Alignment scholars often make arguments from limits:
In the limit, AIXI perfectly maximises reward. Hence, it is impossible to design an agent that is indifferent to its off switch being pressed; it will either be rewarded when it is pressed (and seek to press it) or punished (and seek to prevent its pressing).
The limit of predicting text is predicting the underlying processes that generated said text; the simplest way to predict a process is to directly simulate the process, and since intelligent humans are the text-generating process, language models are destined to be intelligent.
As AI becomes more powerful, they get better at modelling human behaviour. In the limit, AI can perfectly predict all human behaviour. This should worry us, as an adversary who can perfectly predict you can easily outwit you.
These arguments rely on an implicit assumption that the limit is in some way instantiable; the limit represents a real thing that could exist in the world, that we fleshy humans can interact with.

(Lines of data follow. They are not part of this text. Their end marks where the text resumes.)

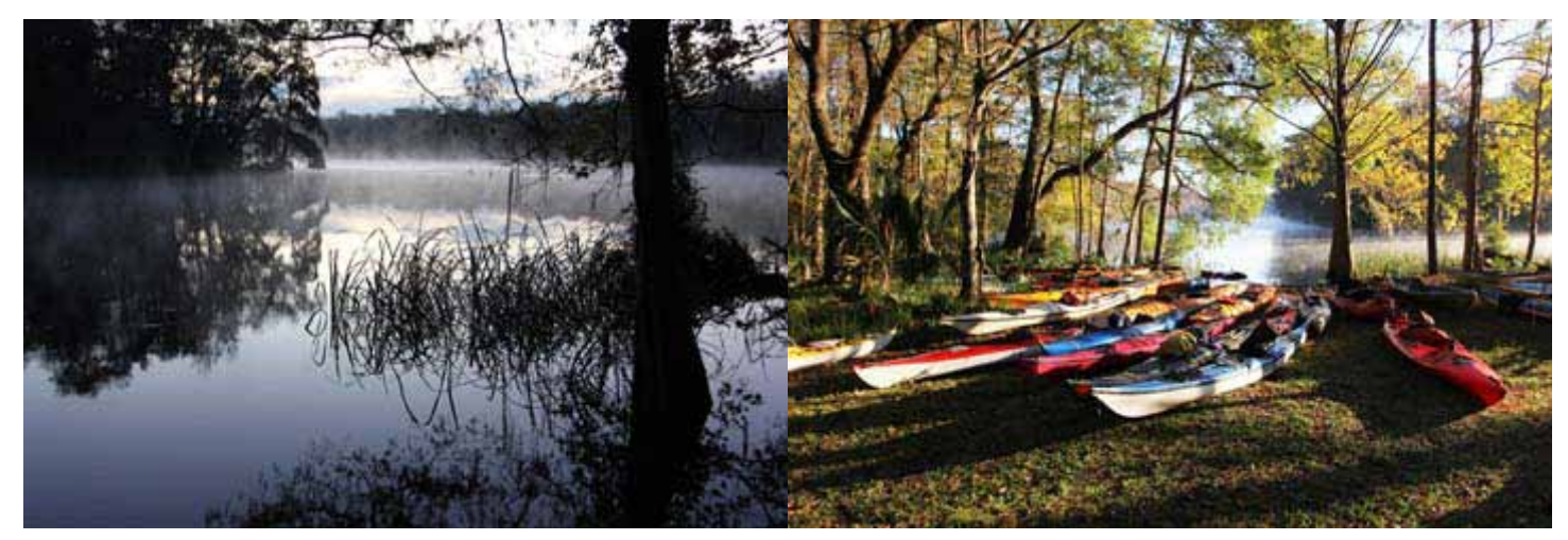
Dawn mists and kayaks at Dunn's Creek State Park.

Lower Store with the most poignant concerning the effect on some Seminoles who had been given 20 kegs of rum. "They were soon prevailed on to broach their beloved nectar; which in the end caused some disturbance, and the consumption of most of their liquor; for after they had once got a smack of it, they never were sober for ten days, and by that time there was but little left."
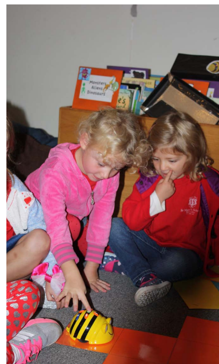
The children at Little Saints have had a brief introduction to coding
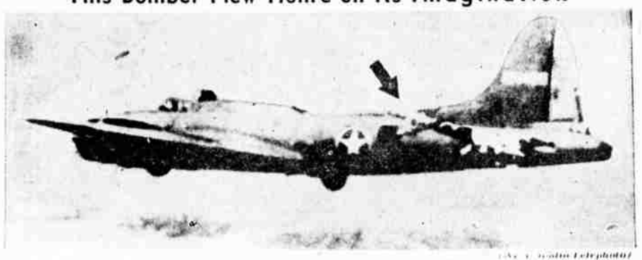
Its huge tall sheared almost completely off when nit by a German plane with a dead plane at the controls, this American Flying Fortress, piloted by Kenneth Bragg, severtheless managed to limp to its home base after completing its nombing mission over North Africa. The plane made a perfect landing but the fuselage broke in half when some one opened the door the next day.

Often, the assumption is that the elements of the sequence grow to approximately resemble the limit—if we set a large enough N, then the Nth element of the sequence is basically equivalent to the limit for practical purposes.

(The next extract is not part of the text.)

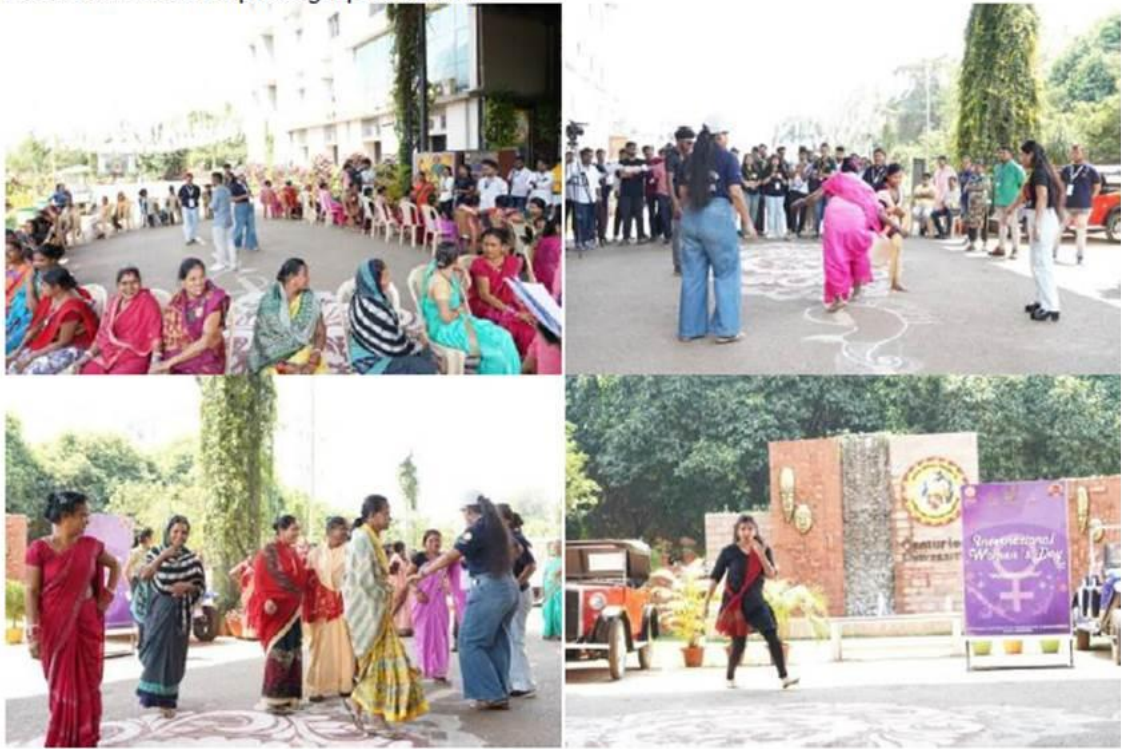
Images of musical chair competition and Cultural event with housekeeping staff and students on Women’s Day

This assumption, that the limit is (approximately) instantiable, is not guaranteed by the mathematics. Further, it seems like most of the interesting properties of limits that worry alignment researchers are the very properties we would expect not the be approximately instantiable. For instance, an AI with uncertainty in its models has an incentive to explore and reduce its uncertainty, which it must balance with the incentive of exploiting the knowledge it already has. A system with no uncertainty, on the other hand, has no explore incentive. It can monomaniacally pursue its terminal goals unhindered by doubt. The limit of reduced uncertainty is monomania, but one cannot reduce uncertainty to zero; therefore, no agent will monomaniacally pursue its terminal goals.
In this talk, Blaine Rogers will talk about sequences and limits, discuss the extent to which the alignment community relies on limit thinking, and see how much of the Yudkowsky doom narrative falls apart under unlimited scrutiny.